Dedić et al. (2021) [20] used UAE (performed in an ultrasonic homogenizer Iskra, UZ 4R) to obtain blackthorn fruit extracts (RLS = 10 cm3/g, cet = 100%, t = 30 °C, and τ = 20 min). The fruits were collected in April–September 2018 from 3 areas in Bosnia and Herzegovina (Borije, Trnovo, and Vareš), air-dried, and then ground into a fine powder. The mean values of TPC (2.766–4.116 mg GAE/g DM) were 1.5–5.4 times lower than those reported in our study, whereas the mean values of TAC (0.679–1.258 mg C3GE/g DM) were 1.2–13.5 times higher. The harvesting area had a significant influence on the mean values of TPC, TAC, and DPPH radical scavenging activity (39.15–71.56%).

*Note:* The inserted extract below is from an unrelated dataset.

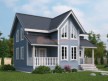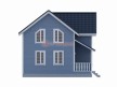 На фото представлен проект жилого дома из бруса №260 габаритами 8х9 метров и отличной планировкой общей площадью 134 квадратных метров. Можно выделить несколько особенностей проекта: терраса, туалет, ванная, санузел, панорамные окна, два входа и две террасы. Первый этаж — это сруб из бруса, рекомендуем заказывать из сухого или клееного. Мансарда собирается по каркасной технологии.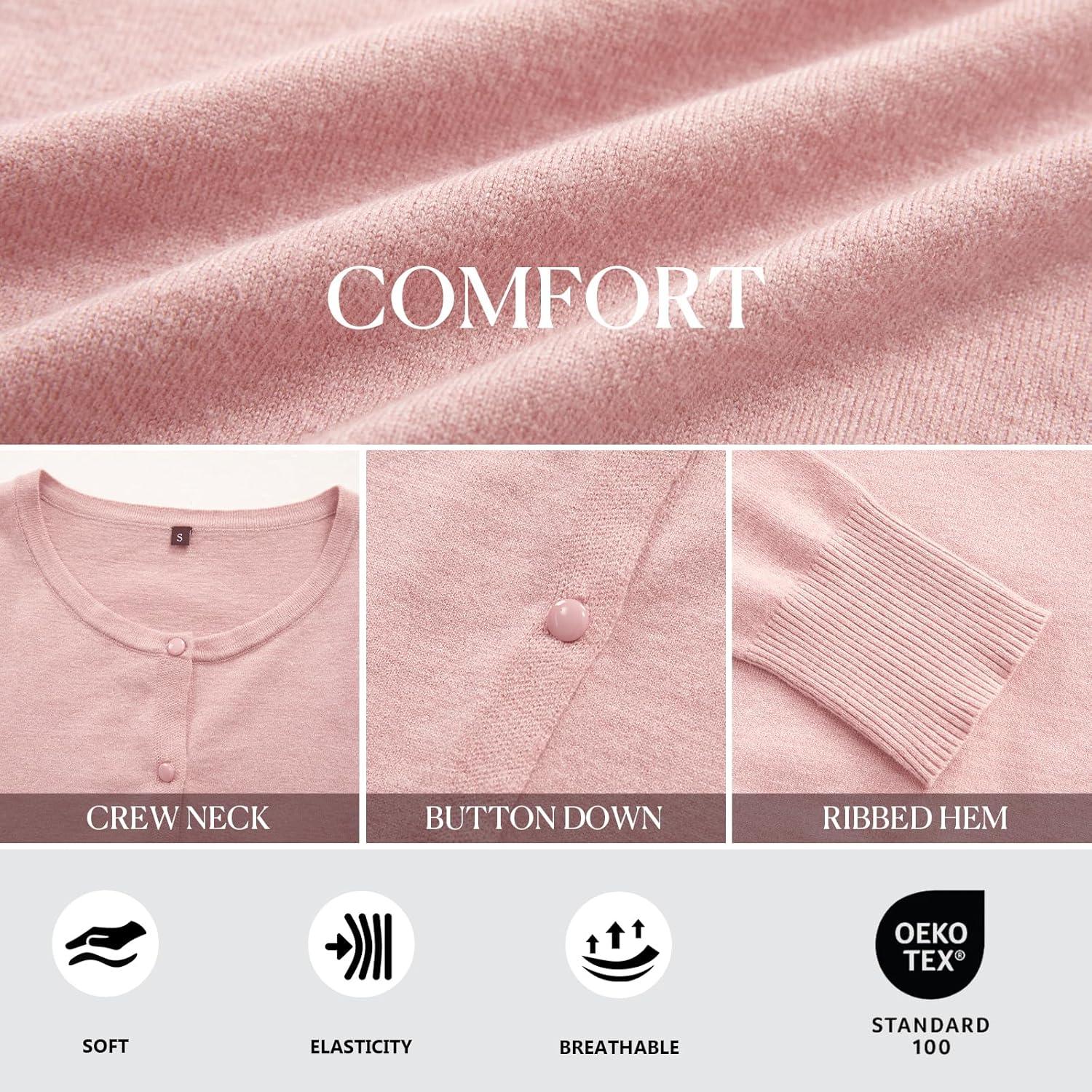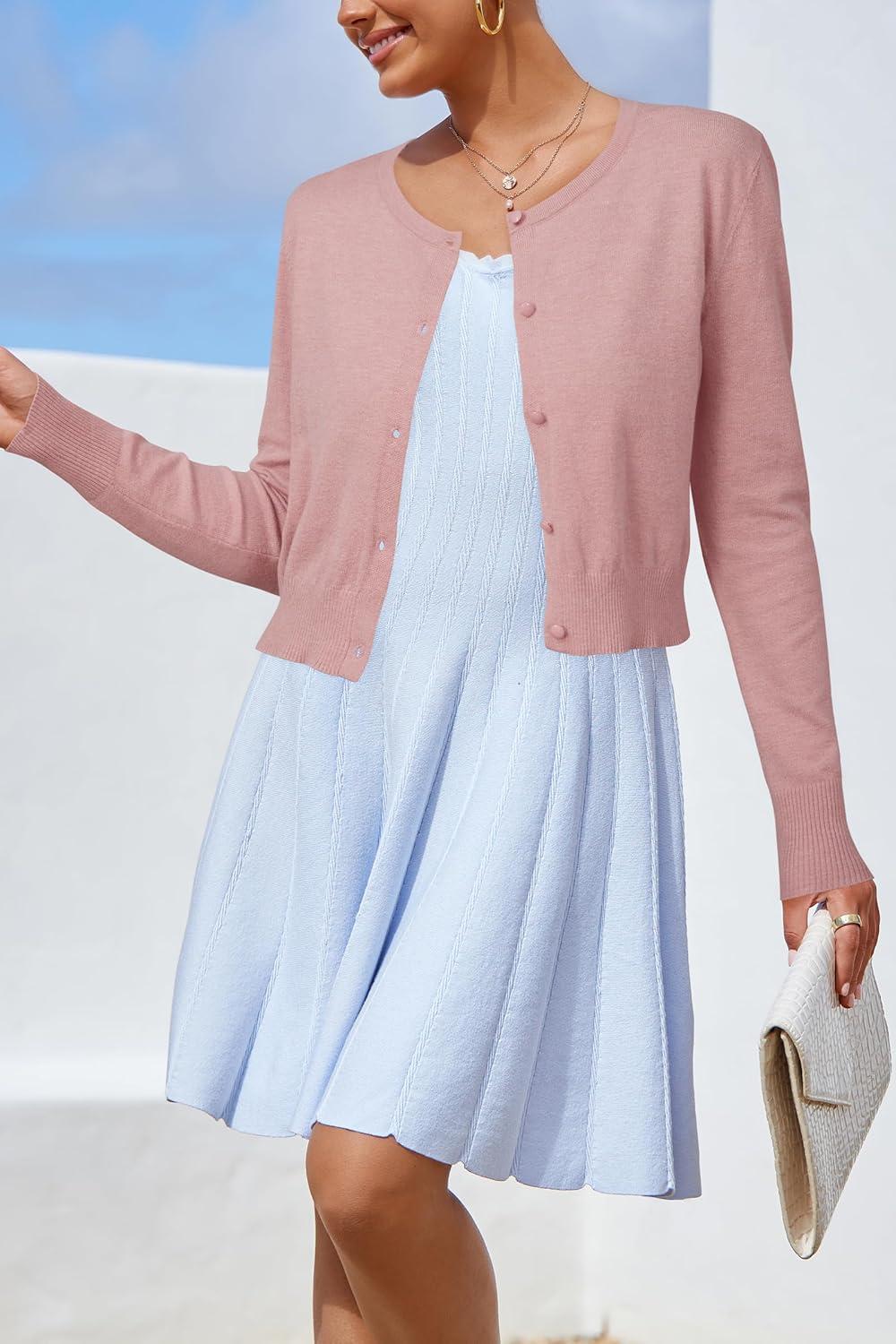 Newshows Cropped Cardigan Sweaters for Women 2025 Crew Neck Button Down Open Front Knit Bolero Shrugs(Pink02)

Popović et al. (2020) [3] investigated the phenolic profile of 15 wild-growing blackthorn genotypes harvested in November 2015 from 3 regions in northern Serbia (Fruška Gora mountain slopes), i.e., 2 genotypes from Beška, 10 from Banstol, and 3 from an area close to Beška. Bioactive compounds were extracted from lyophilized fruits with ethanol solutions by sonication in an ultrasonic bath (RLS = 10 cm3/g, cet = 50%, t = 40 °C, and τ = 20 min). The mean values of TPC (11.10–30.43 mg GAE/g DM) of blackthorn extracts, which varied significantly depending on genotype, were similar to or higher than those obtained in our study (6.279–14.89 mg GAE/g DM). Three hydroxycinnamic acids, i.e., 3-caffeoylquinic (neochlorogenic) acid, 5-caffeoylquinic (chlorogenic) acid, and 3-p-coumaroylquinic acid, and eight flavonoids, i.e., four anthocyanins (cyanidin 3-glucoside, cyanidin 3-rutinoside, peonidin 3-glucoside, and peonidin 3-rutinoside), quercetin flavonol, and 3 quercetin derivatives, including quercetin-3-galactoside, quercetin-3-glucoside, and quercetin-3-rutinoside (rutin), were identified in the blackthorn fruit extracts. The most abundant classes of phenolic compounds were hydroxycinnamic acids and anthocyanins, especially neochlorogenic acid (NCACm = 46.63–636.1 mg/100 g DM), cyanidine 3-glucoside (4.41–183.6 mg/100 g DM), and cyanidine 3-rutinoside (7.38–185.6 mg/100 g DM). The mean values of NCAC were significantly higher than the mean value obtained in our study at optimal levels of extraction process factors (NCACm,opt = 4.88 mg/100 g DM), probably due to different genotypes, harvest periods, fruit drying methods, and extraction conditions. However, the mean values of CAC and RC found in our study at optimal levels of extraction process factors (CACm,opt = 1.93 mg/100 g DM and RCm,opt = 7.12 mg/100 g DM) were in the ranges reported by Popović et al. (2020) [3] (CACm = 1.70–30.92 mg/100 g DM and RCm = 2.96–32.85 mg/100 g DM).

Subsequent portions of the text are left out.